Max: I think stuff that inspires me to write the most is stuff that is more personal or had to do with a friend. But, I think that there’s some fantastical music out there that’s cool to listen to too. Or some music that’s might not make sense, but it connects in some way. I think it depends on who’s doing it and how well they’re doing it. And that goes for music that’s autobiographical…sometimes that music is terrible too. It just has to be presented in the right way.

Tim: Authenticity is pretty hard to fake.

6. Change, both musically and personally, is good.

Tim: We’re always trying to keep things exciting for ourselves, first and foremost, and that comes from naturally progressing and trying to step outside the box that we began writing in.

Max: I think our musical palatte has grown. I like a lot more music today than I liked in 2008. I guess the main thing is that we’re always hungry for more and to take in more. Just having that perspective has changed the band in terms of the music we make. The core of the band is the same as it ever was because we love making energetic rock music, but the things that influence us have changed.

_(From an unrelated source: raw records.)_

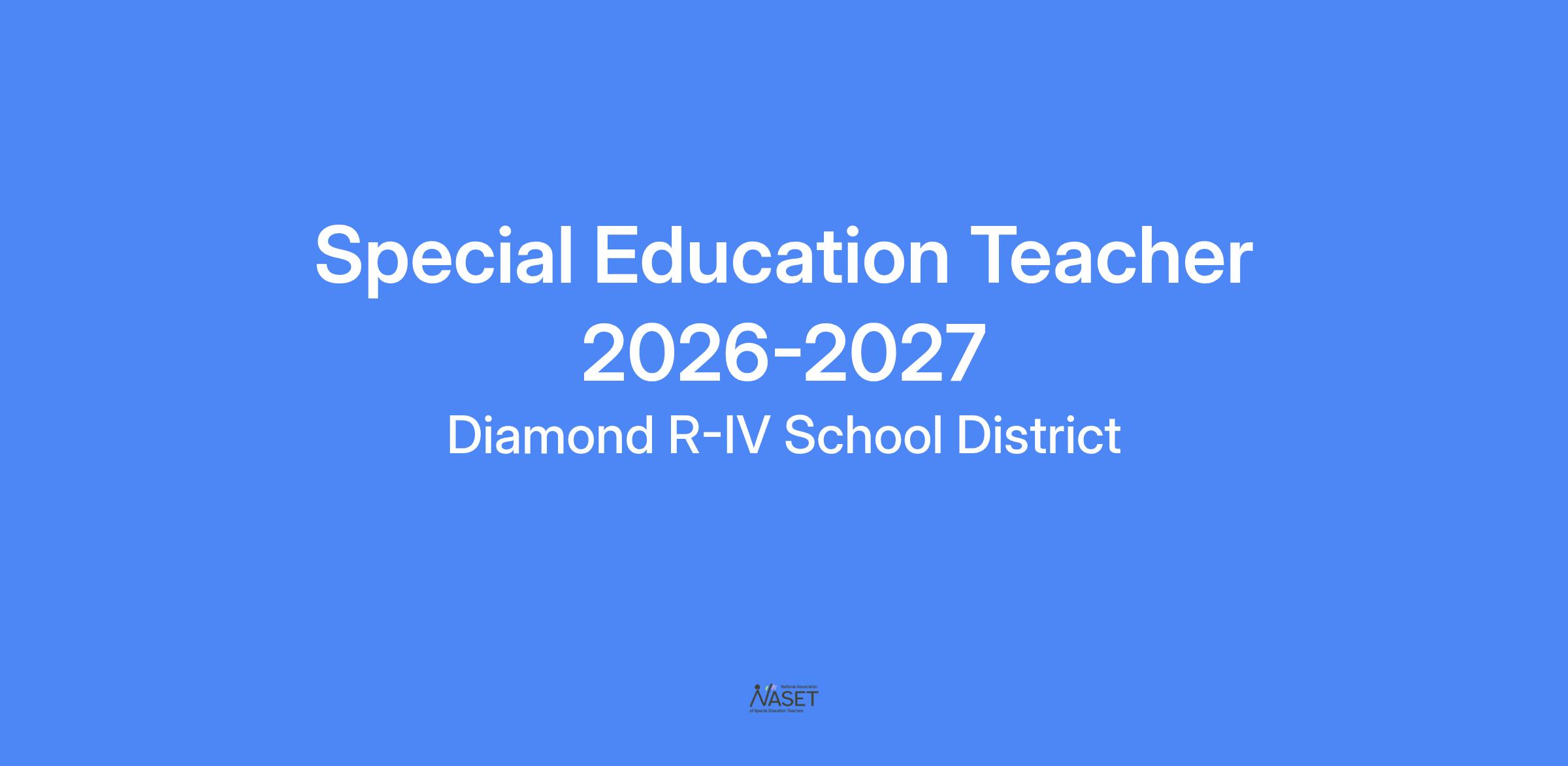 Diamond R-IV School District is seeking a Special Education Teacher for the 2026-2027 school year. This position will be open until filled.
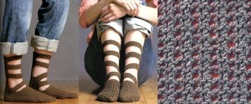 Оригинальные вязаные тапочки от Lynne Barr выполняются спицами эластичным двусторонним сетчатым узором и резинкой 1х1. Каждый тапок вяжется единой деталью без отрыва нити.
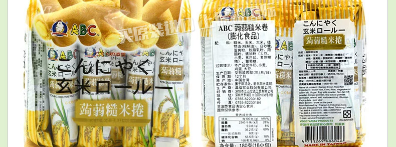 臺(tái)灣ABC谷物糙米卷 雜糧糙米卷活力棒/蒟蒻糙米卷能量棒 酥松柔軟 營(yíng)養(yǎng)美味 非油炸休閑零食 180g/袋 |

7. It doesn’t matter if you release an album on vinyl, CD or online. Rock is all about the live shows.

Max: The most important thing is that it just gets out there. We’re in this band, so we can share music, especially live. We’re not resistant to any changes that the music industry brings. When we put out our last album, Instagram wasn’t a thing. Twitter wasn’t as huge. The thirst for live music hasn’t dried up. Fortunately for us, that’s what we like to do the best.

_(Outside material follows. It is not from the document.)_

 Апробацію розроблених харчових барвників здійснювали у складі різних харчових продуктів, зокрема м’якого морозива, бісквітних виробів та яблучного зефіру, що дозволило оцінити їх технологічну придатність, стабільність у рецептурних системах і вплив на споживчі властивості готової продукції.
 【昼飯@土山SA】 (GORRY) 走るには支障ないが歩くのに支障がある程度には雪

Tim: As Max was saying, that’s what we really get off on…the live experience. Both as a band and as fans. Personally, I still go to a ton of concerts whenever I can and that’s one of the really cool things about being in a band is that you get to go on tour with bands that you’d actually want to see in concert. If you could go back in time and tell your 16-year-old self that this was going to happen, you’d blow your mind.

Max: Touring is the gig you signed up for. If you hated to tour, then being in a rock-and-roll band would be really weird. Rock and roll is a kind of community thing; it’s music for people. It’s meant to be played live. We all feel really lucky that it’s part of the job so we take it really seriously.

8. Style is always a factor.

Max: I’ll tell you, we look back at old press photos and grimace. Don’t include those kinds of photos in this! There’s definitely a connection between the image and the music. Just as a band in pop culture and rock-and-roll, you get a kick out of seeing The Beatles in old press shots and seeing how cool they looked. I think we’re observers of stuff like that and we take it as one of our responsibilities. You don’t want to go to a show and see your favourite band looking like a bunch of schleps.

Tim: There’s an expression called SOS, which means help but also ‘shorts on stage.’ You can’t do that.

Max: Unless you’re really fucking cool and can pull them off. The odd band gets away with it. In our band, Mike has a real keen eye. He will give his master opinion on a new garment and he’ll say either you can do better or,that’s the one. The problem with suits on tour [like The Beatles] is that because we sweat so much on stage, we’d need like eight different versions of the suit. Or we’d need to find a dry cleaner in every city, every single day. We’ve dressed in suits for the odd show now and then, and that can be really fun. But on tour you have to be lean and mean. Light and tight.